Did i miss something ?
如果你对这篇内容有疑问,欢迎到本站社区发帖提问 参与讨论,获取更多帮助,或者扫码二维码加入 Web 技术交流群。
绑定邮箱获取回复消息
由于您还没有绑定你的真实邮箱,如果其他用户或者作者回复了您的评论,将不能在第一时间通知您!
发布评论
评论(4)
搜索“histoire-france”和“histoire france”会得到不同数量的结果,因为查询解析器在第一种情况下创建短语查询,在第二种情况下创建布尔查询(分隔两个单词)。
恕我直言,这不是明显的行为,但我相信很难满足所有用例。
要使搜索将“histoire-france”视为简单的两个单词,您可以添加“solr.PositionFilterFactory< /a>”到查询分析器的末尾,例如:
那么“histoire-france”和“histoire france”的搜索结果将相等。
请注意,短语搜索可能不需要位置过滤器(“历史”和“法国”都存在)。
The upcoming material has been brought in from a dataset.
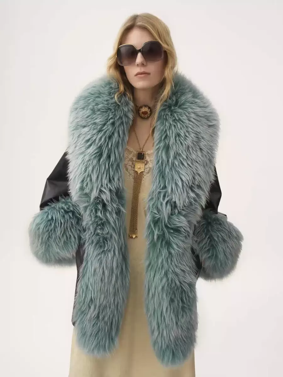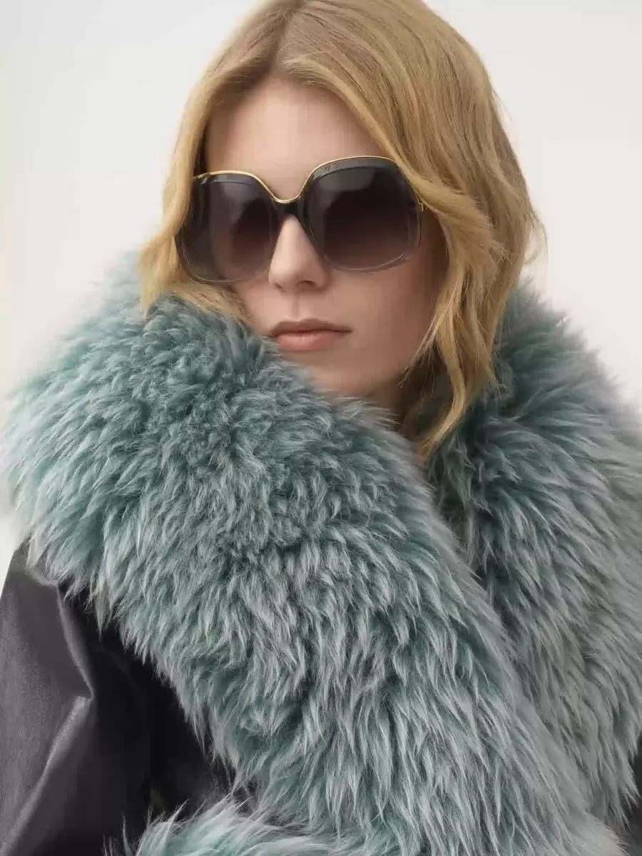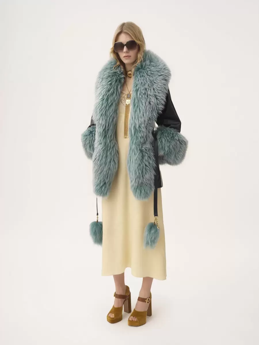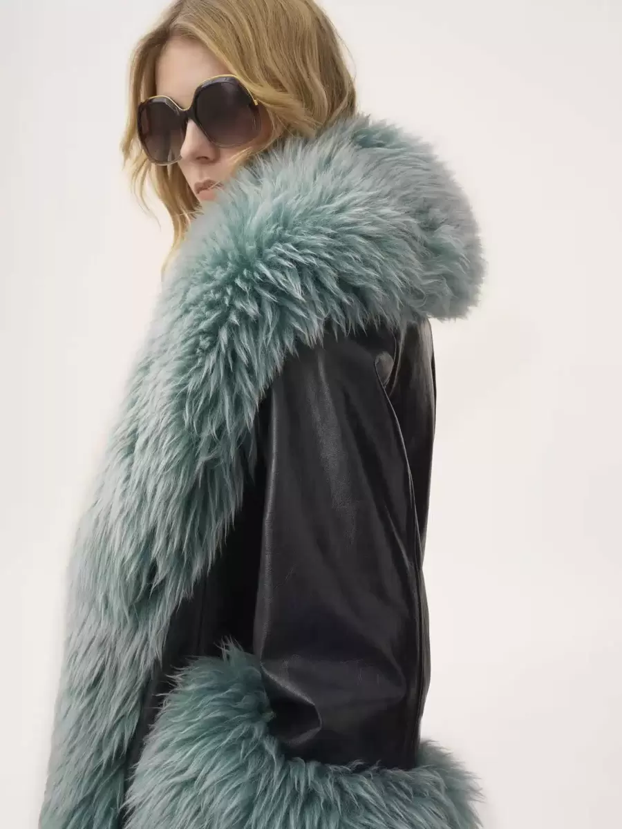 Short coat in shiny cowhide with contrast shearling trims, a tonal leather belt with decorative, gold-tone hardware, and concealed horn buttons.

考虑使用查询倾斜参数 qs > 0 相反,如果您使用 NGram 过滤器修改了术语序列。
You get different number of results searching for 'histoire-france' and 'histoire france' because query parser creates a phrase query in the first case, and a boolean query (separate two words) in the second case.
This is not obvious behavior imho, but i believe it's hard to satisfy all use cases.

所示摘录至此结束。